教室の後ろにあるドアの近くに静かに立ち、周りを確認する。先生の目を盗んで静かに廊下に出ると、誰もいないことを確認して屋上へ向かう階段を上がった。扉を開けると、屋上には俺しかいなかった。風が心地よく吹き抜け、俺は深呼吸して新鮮な空気を味わった。

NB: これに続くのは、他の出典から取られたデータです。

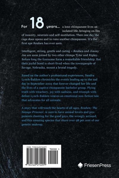 For 18 years... a lone chimpanzee lives an isolated life, bringing on fits of insanity, neurosis and self-mutilation. Then one day the cage door opens and in runs another chimpanzee. It's the first ape Reuben has ever seen. Intelligent, strong, gentle and caring - Reuben and Jimmy Joe are soon joined by two other chimps Tyler and Ripley. Before long the foursome form a remarkable friendship. But their joyful bond is short-lived when the townspeople of Savage, Nebraska, mount a brutal tragedy. Based on the author's professional experiences, Sandra Lynch-Bakken chronicles the events leading up to the sad day in September 2005 that forever changed her life and the lives of a captive chimpanzee bachelor group. Plying truth with treachery, joy with sadness, and triumph with defeat Lynch-Bakken weaves an emotional non-fiction tale that advocates for all animals. A story that will touch the hearts of all ages, Reuben: The Savage Prisoner, is sure to have animal lovers and proponents cheering for the good guys, the wrongly accused, and this amazing species that share over 98 per cent of our genetic makeup.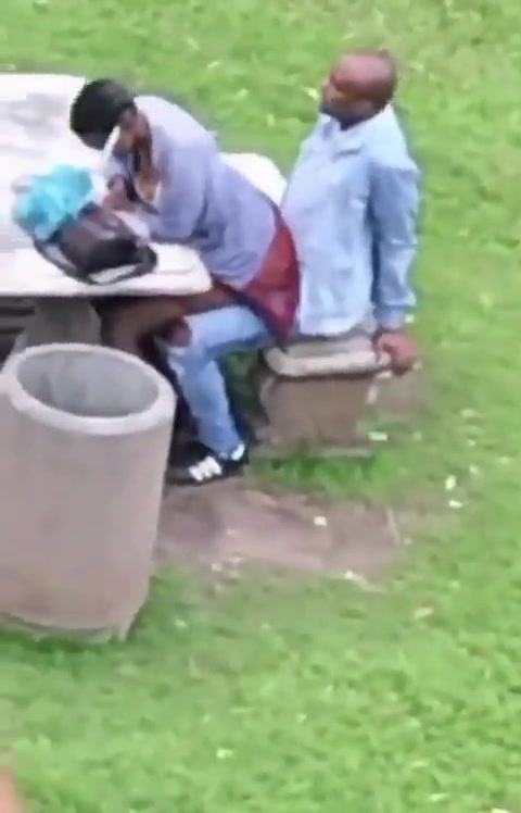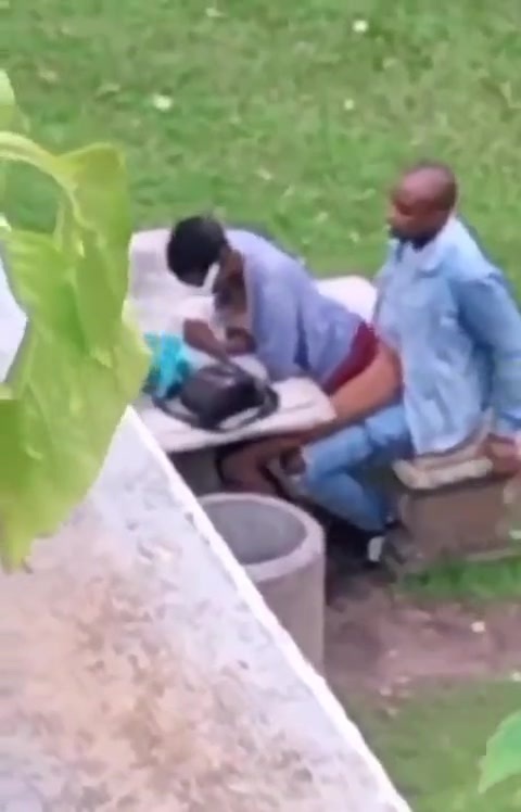African couple caught having discreet sex in a public park

フェンスに寄りかかって、遠くの景色を眺めながら考えを巡らせる。次のダンジョンで狙うべきモンスターは何だろう?ゴブリンか、それともスケルトンか…。それぞれのモンスターが持つ可能性のあるスキルを思い浮かべる。ゴブリンなら【短剣術】や【迅速】、スケルトンなら【骨強化】や【暗闇の視力】。どちらも冒険に役立つスキルだ。
「次は…ゴブリンかな。」
俺は呟きながら、心の中で決断を下す。次に狙うモンスターを決めるために、屋上での時間を使って計画を立てるのは有意義だ。ダンジョンは常に危険がつきまとうが、その危険を乗り越えるために準備をするは楽しい。
「よし、決めた。次はゴブリンを狙おう。」
自分に言い聞かせるようにそう呟いた。そして、屋上での時間が終わったことを悟り、再び学校生活に戻る準備をするため、俺は階段を下りた。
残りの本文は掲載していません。